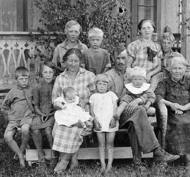 Figure 1.-- An unidentified farm family had their portrait taken during the summer of 1930. We do not have the name of the family, but they lived in Vigge, a village about 500 km north of Stockholm. The family was a good sized one with nine children and grandmother. F |
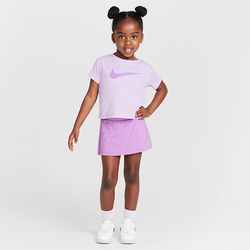 This 2-piece set is an easy way to dress little ones for fun. The hoodie is made of soft fleece for lightweight warmth, has slightly dropped shoulders create a relaxed fit, the full-zip closure makes layering easy and the matching tapered pants have a stretchy waistband for a comfy fit they can play freely in. Pair with any Nike tank or tee for a completed look.
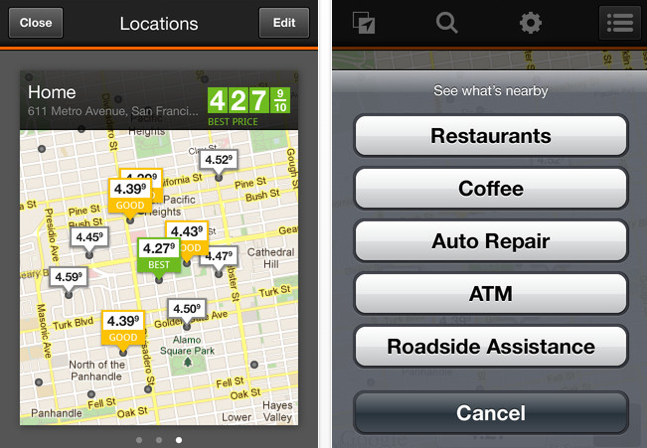 Developed by YellowPages.com, Gas Guru can be used in a multitude of different was. The first way that the app user might elect to the use the app is to program in frequently visited locations, looking for gas in those areas. For example, someone who commutes to the office each day would likely want to enter both his home address and his office as frequent locations. Using this information, he can check the prices at these locations with just the simple touch of a finger, making it easy to see whether it is more cost efficient to fill up near home or the office.
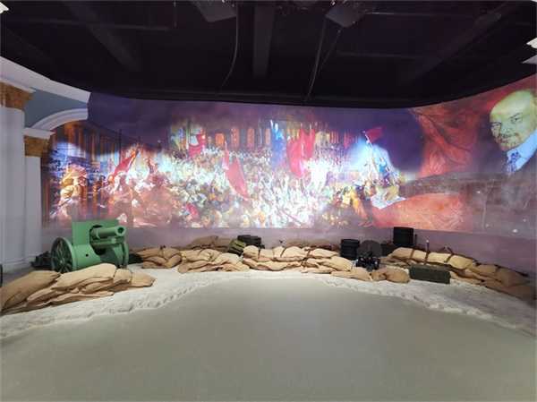 在第四展廳,借助于虛擬技術(shù)和聲光電表現(xiàn)形式塑造的英勇悲壯的“巴黎公社革命”、驚心動(dòng)魄的“十月革命”戰(zhàn)斗場(chǎng)面,形成全方位的視覺沖擊,讓人仿佛穿越并置身歷史情境,實(shí)現(xiàn)了“共情”與“共鳴”。
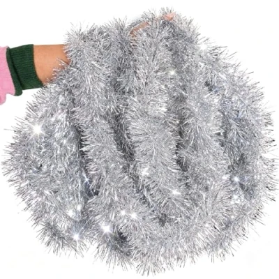 Silver Christmas Tinsel Garland 10 metres Xmas Metallic Chunky for Tree Decorations Supplies 33ft Long
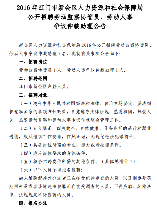 2016廣東江門市新會(huì)區(qū)人力資源和社會(huì)局招聘勞動(dòng)監(jiān)察協(xié)管員公告【招2人】
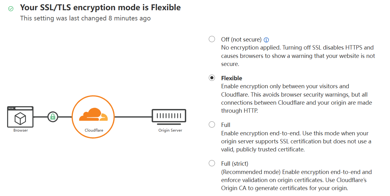 然后还没结束,还需要在SSL/TLS的概览中,将SSL/TLS加密模式调整为“Flexible”(一定要选择这个)。
——————
YOUR OBJECTIVE » Starting from the line that has "在第四展廳,借助于虛擬技術(shù)和聲" and ending at the last line of the material above, every line should be output exactly; pictures are dropped and nothing else appears.

RESPONSE »
 在第四展廳,借助于虛擬技術(shù)和聲光電表現(xiàn)形式塑造的英勇悲壯的“巴黎公社革命”、驚心動(dòng)魄的“十月革命”戰(zhàn)斗場(chǎng)面,形成全方位的視覺沖擊,讓人仿佛穿越并置身歷史情境,實(shí)現(xiàn)了“共情”與“共鳴”。
 Silver Christmas Tinsel Garland 10 metres Xmas Metallic Chunky for Tree Decorations Supplies 33ft Long
 2016廣東江門市新會(huì)區(qū)人力資源和社會(huì)局招聘勞動(dòng)監(jiān)察協(xié)管員公告【招2人】
 然后还没结束,还需要在SSL/TLS的概览中,将SSL/TLS加密模式调整为“Flexible”(一定要选择这个)。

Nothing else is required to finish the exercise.